In aerial reconnaissance, cameras used must have the added flexibility of providing for film analysis, i.e., correlation with some previously defined symbols. For correlating, there is a need for obtaining a film record containing symbols representative of the target of interest. Also, to avoid having only one perspective of the view, for example only overhead views, there is a need for obtaining a record of the target of interest at different angles. After the target has been recorded onto film, there is further a need to analyze this film, to ascertain what the target represents. Consequently, the of interest film is indexed by frame (or orientation) for the purpose of fabricating any target matched filter at any orientation. The indexed film can then be played back at any orientation for any target or scene. For example, the selected scene can be rotated, thereby enabling the target--if present in the film--to be detected without resorting to a plurality of scenes having the same perspective. This indirectly increases the capacity of a correlator memory by not requiring the same to store all views, thereby freeing the memory to store other targets instead.

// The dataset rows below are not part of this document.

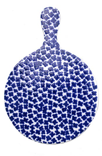 A floral motif inspired by the colors and beautiful mosaic tiles of the Greek Isles enhances the rustic appeal of this ceramic cheese board that adds easygoing elegance to your appetizer table.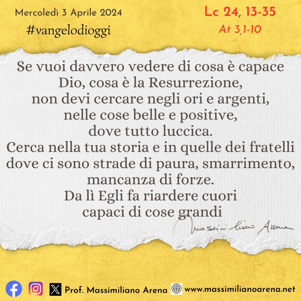 Quando furono vicini al villaggio dove erano diretti, egli fece come se dovesse andare più lontano. Ma essi insistettero: «Resta con noi, perché si fa sera e il giorno è ormai al tramonto». Egli entrò per rimanere con loro. Quando fu a tavola con loro, prese il pane, recitò la benedizione, lo spezzò e lo diede loro. Allora si aprirono loro gli occhi e lo riconobbero. Ma egli sparì dalla loro vista. Ed essi dissero l’un l’altro: «Non ardeva forse in noi il nostro cuore mentre egli conversava con noi lungo la via, quando ci spiegava le Scritture?».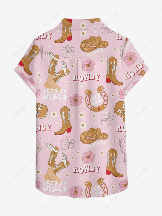 Cactus Hat Boots Floral Letters Printed Hawaii Western Cowboy Style Women Shirt
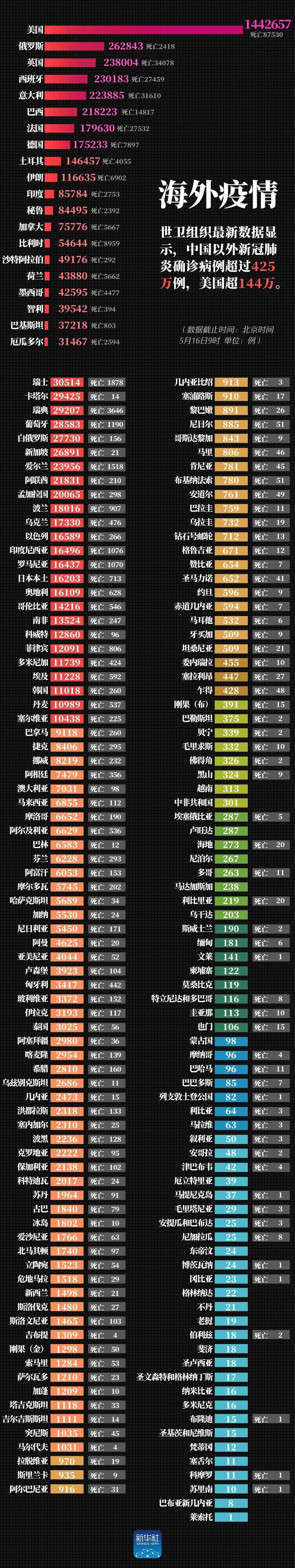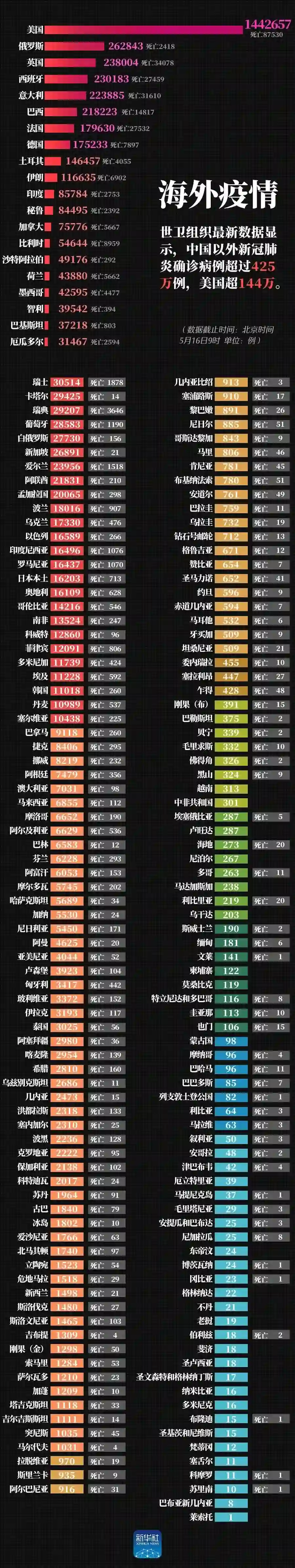 世卫组织最新数据显示,截止北京时间5月16日9时,中国以外确诊病例超过425万例,美国超144万例。
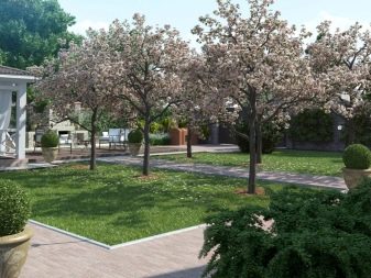 بعد إنشاء خلفية زهرية زاهية على موقعك ، يمكنك المتابعة إلى زراعة الأشجار. يفضل معظم أصحاب العمل الدؤوب عدم اختيار أشجار الزينة ، بل أشجار الفاكهة لموقعهم من أجل الحصول على أقصى فائدة.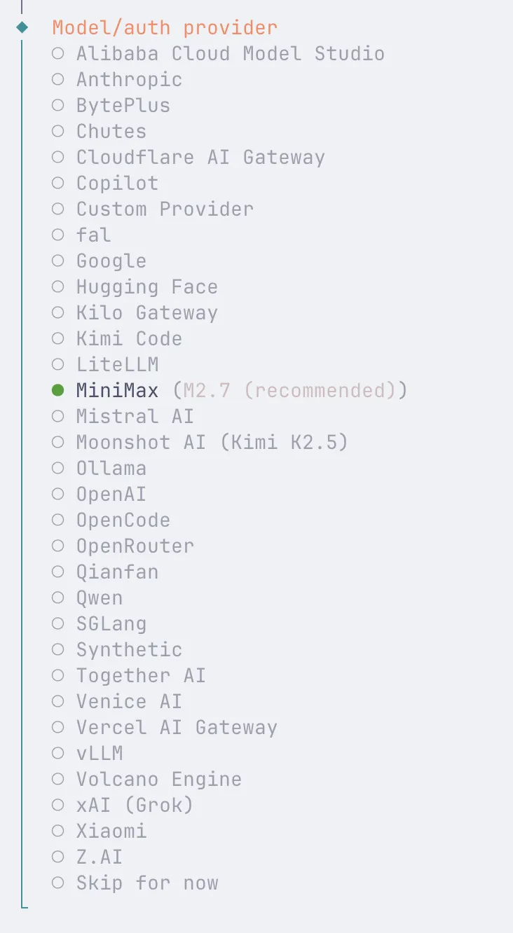 跟着屏幕提示走就行,全部选默认项也可以。 到这边选一下模型配置的信息。你有哪家的 API key,或者购买了哪家的包月服务,就选哪家。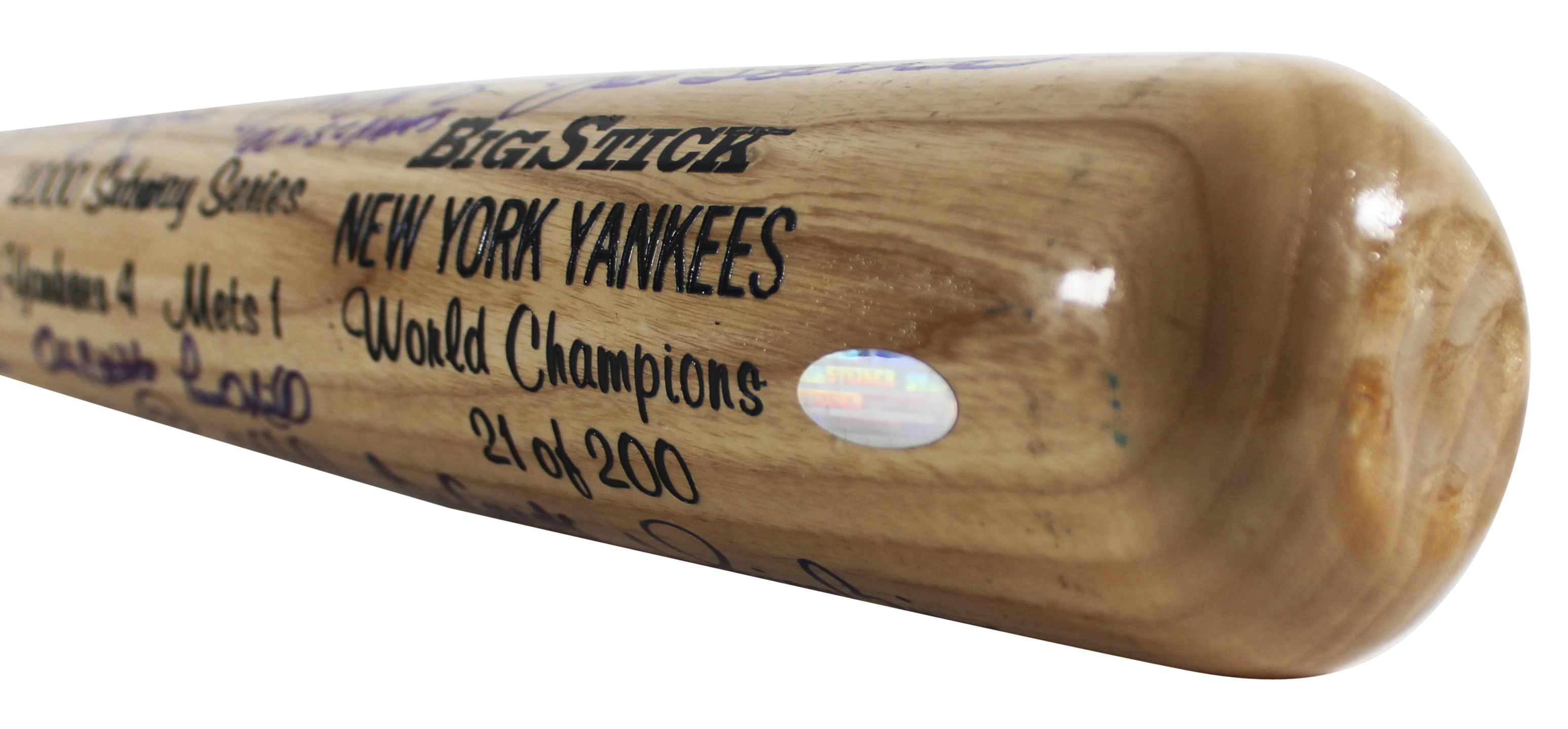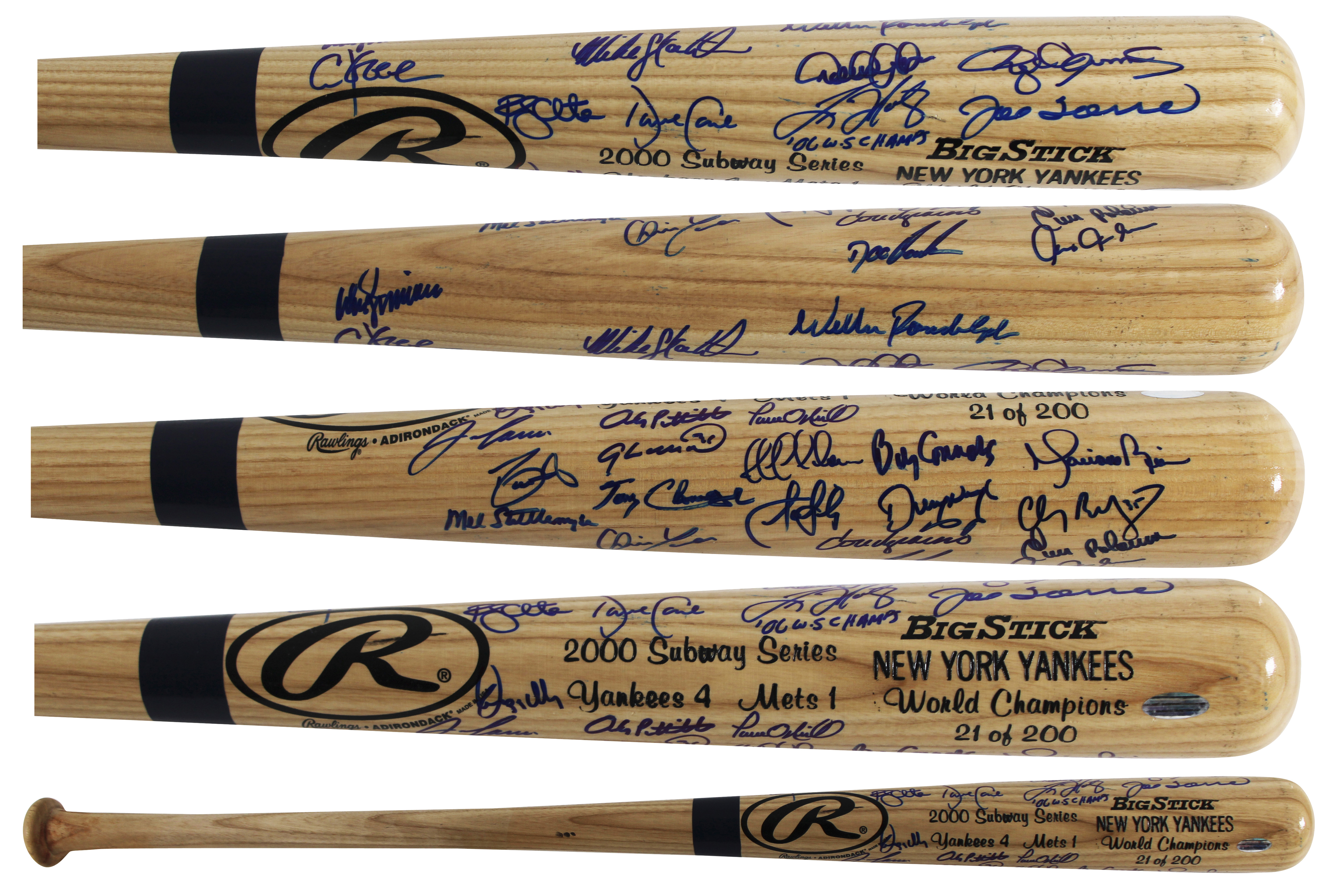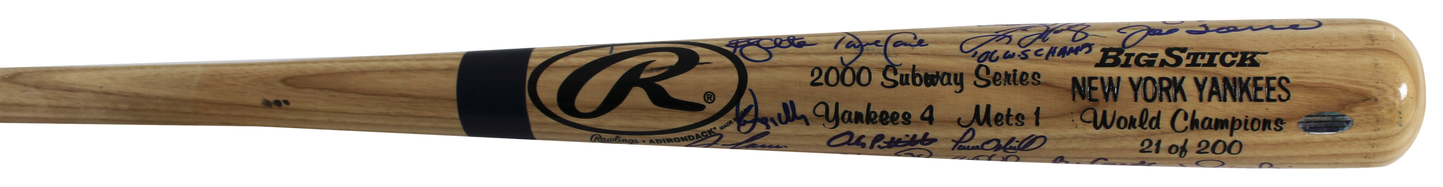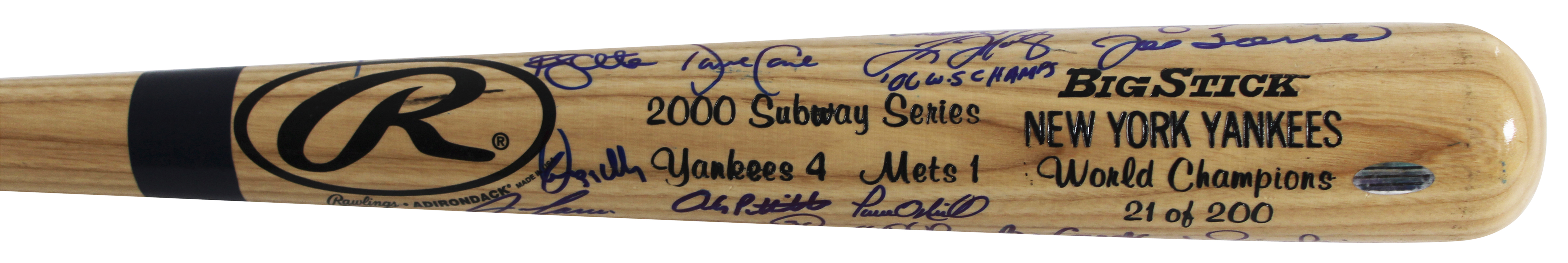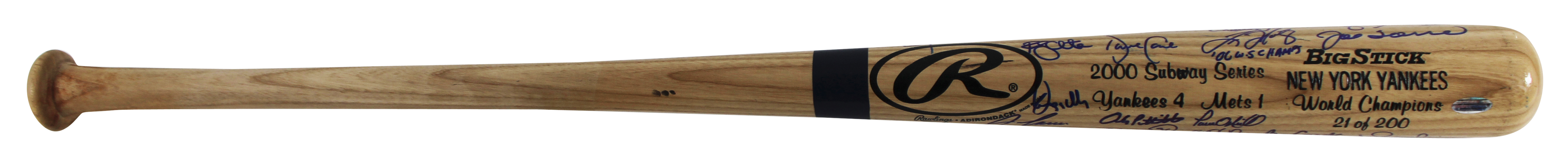 This Autographed Limited Edition #21/200 2000 Subway Series Rawlings Big Stick Baseball Bat has been Personally Signed by Joe Torre, Derek Jeter, Mariano Rivera, Roger Clemens, David Cone, Randy Choate, Dwight Gooden, Denny Neagle, Jeff Nelson, Andy Pettitte, Mike Stanton, Mel Stottlemyre, Willie Randolph, Don Zimmer, Luis Polonia, Paul O'Neill, Jose Canseco, Chuck Knoblauch, Chris Turner, Tino Martinez, Clay Bellinger & 7 More of the New York Yankees. This item is 100% Authentic to include a hologram by Beckett Authentication Services. This item will come with an affixed Beckett Authentication Services (BAS) authentication sticker, which includes a scannable QR code to verify authenticity. Please note that Beckett no longer provides serial-numbered COA cards, and the attached BAS sticker will serve as the complete authentication for this item. The authenticity can be verified on Beckett Authentication Services website.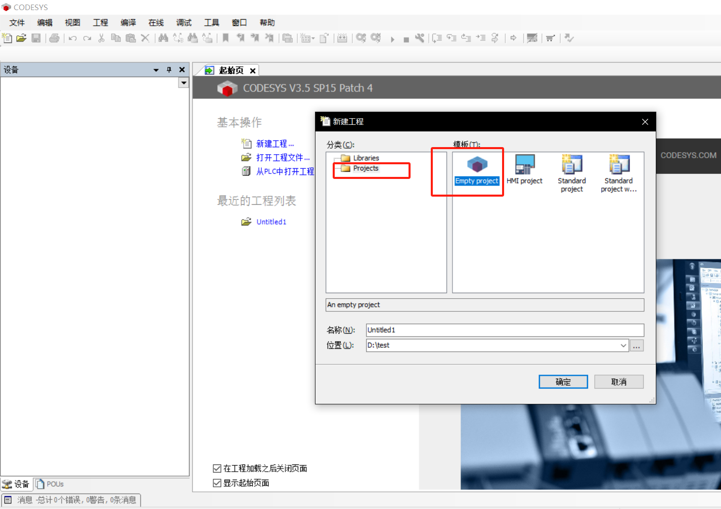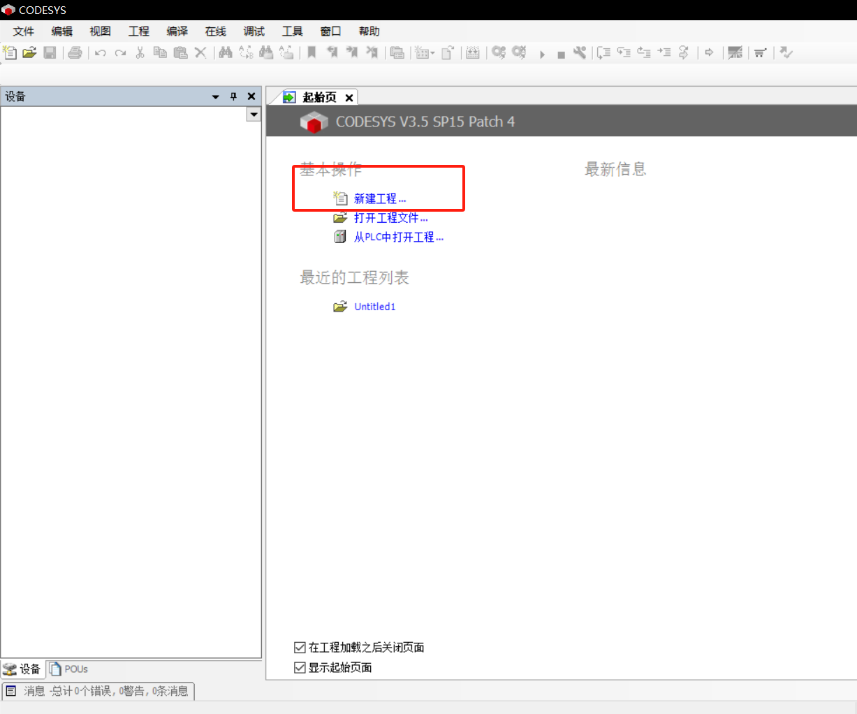 打开 codesys 软件,点击新建程序,如下所示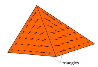 In Figure 1, only two triangles are shown sharing a common edge. Each triangle also has two other edges. If these edges are connected to triangles, then additional basis functions would be required. Therefore for a triangle connected on all three sides, a total of three basis functions would be defined. Within the triangle element the total current would then be the sum of these three basis functions.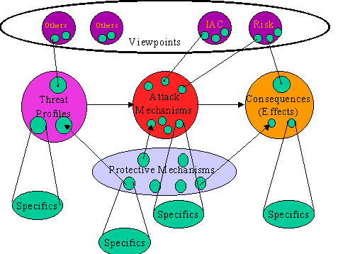 In the end, we chose a model of our own devising. (see Plate 1) The key issue underlying this decision was the notion that we need a basis for a cause-effect analysis of chains of events that can be overlaid on the architecture of an information environment. Once we have a model of cause and effect, we can begin to try to simulate, with the notion of time naturally falling out of the delay between cause and effect. The model we developed [Cohen98] was designed for the purpose of simulation and analysis and has been the subject of considerable research. It is based on a set of 37 classes of threats, 94 classes of attack mechanisms, and about 140 classes of protective mechanisms. These are interlinked by a database which associates threats with attacks and attacks with defenses. In addition, the database associates threats, attack methods and defense methods with other characteristics such as their impact on integrity, availability, access, and leakage; the sophistication level of the attackers; and their use in prevention, detection, and reaction.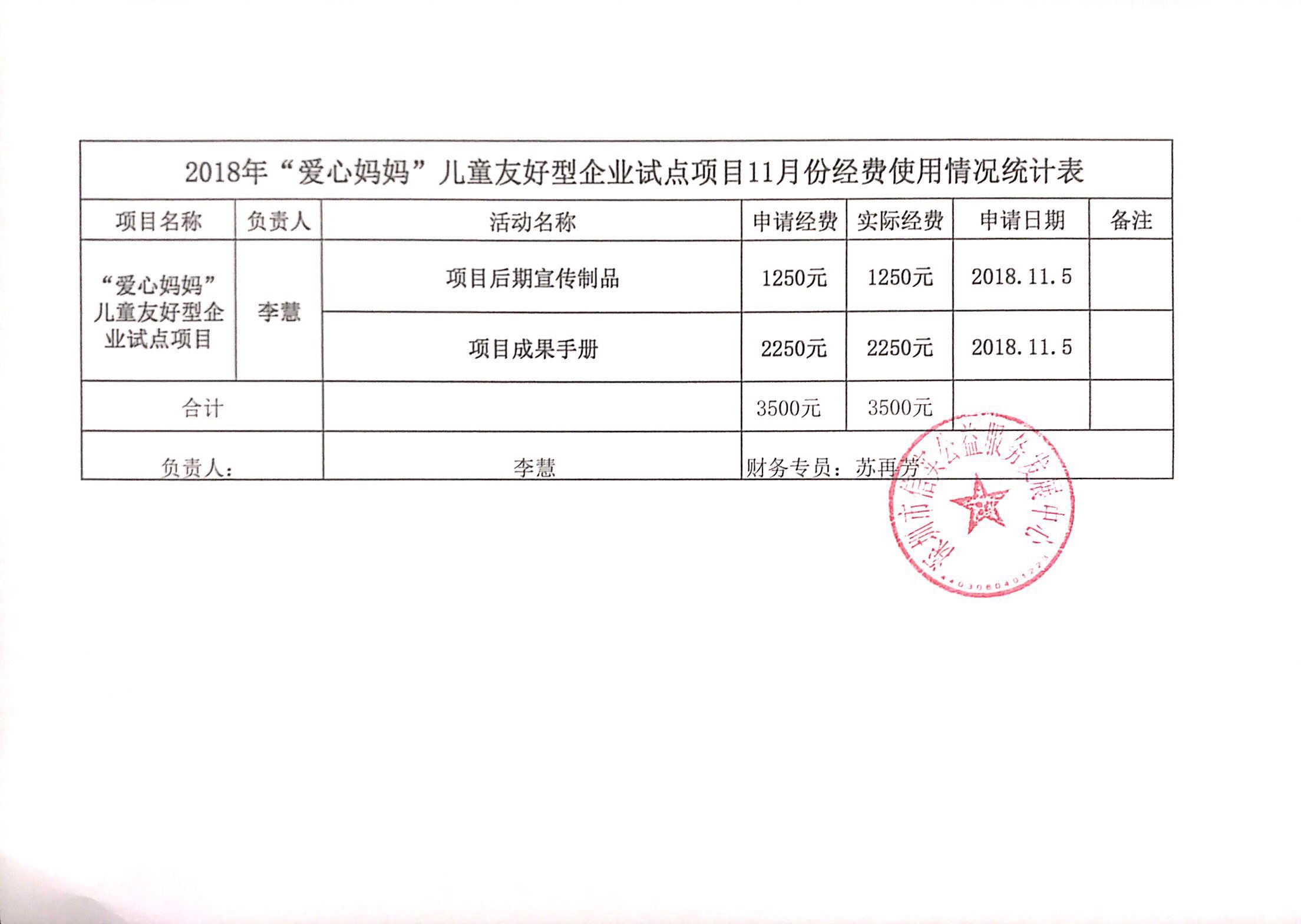 【财务公示】塘尾社区“爱心妈妈小屋”儿童友好型社区企业试点项目11月份经费支出表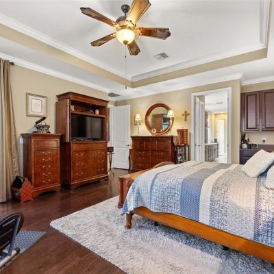 Ceiling Fan(s), Crown Molding, Kitchen/Family Room Combo, Split Bedroom, Stone Counters, Thermostat, Tray Ceiling(s), Walk-In Closet(s), Window Treatments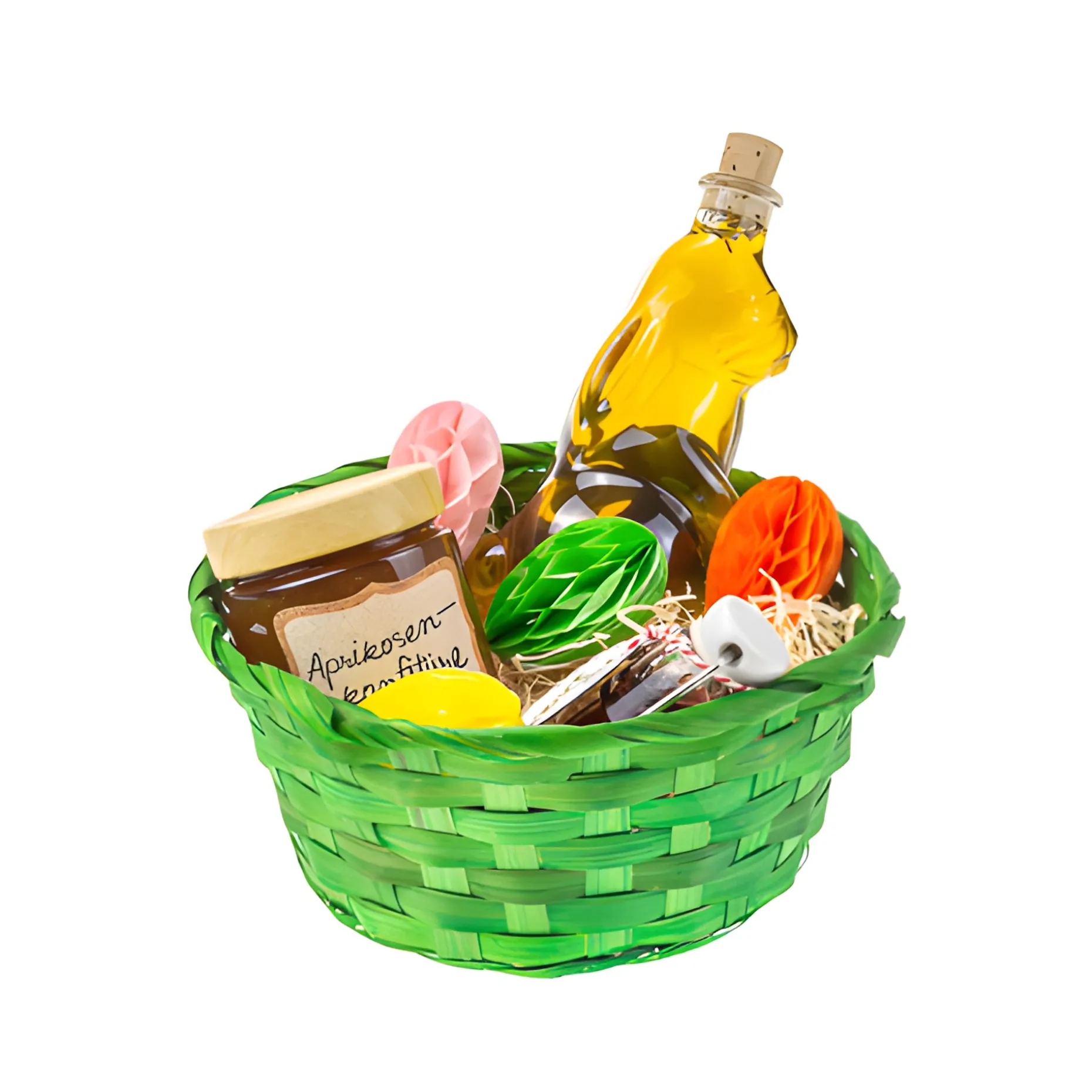 Die runde Korbschale aus Bambus eignet sich perfekt als Osterkörbchen, ausgelegt mit Holzwolle oder Papiergras und mit bunten Eiern befüllt verwandeln Sie die hübsche Schale im Handumdrehen in ein Osternest. Auch als Geschenkkorb, gefüllt mit selbstgemachten Köstlichkeiten, macht sich das Körbchen sehr gut, denn er passt auch in den Diamantbeutel 110 x 600 mm und kann so einfach und dekorativ verpackt werden.

But in order to fabricate such target matched filter, and the subsequent comparison of targets therewith, a film drive mechanism has to be able to both translate and rotate. No such device exists prior to the present invention.
Further, since most of the targets are moving at the time records thereof are made, it is imperative that some mechanism be used to compensate for the blurring caused by the movement. A standard practice in aerial reconnaissance involves the use of elaborate optical and mechanical means. The present invention film driving mechanism eliminates the need for such elaborate means.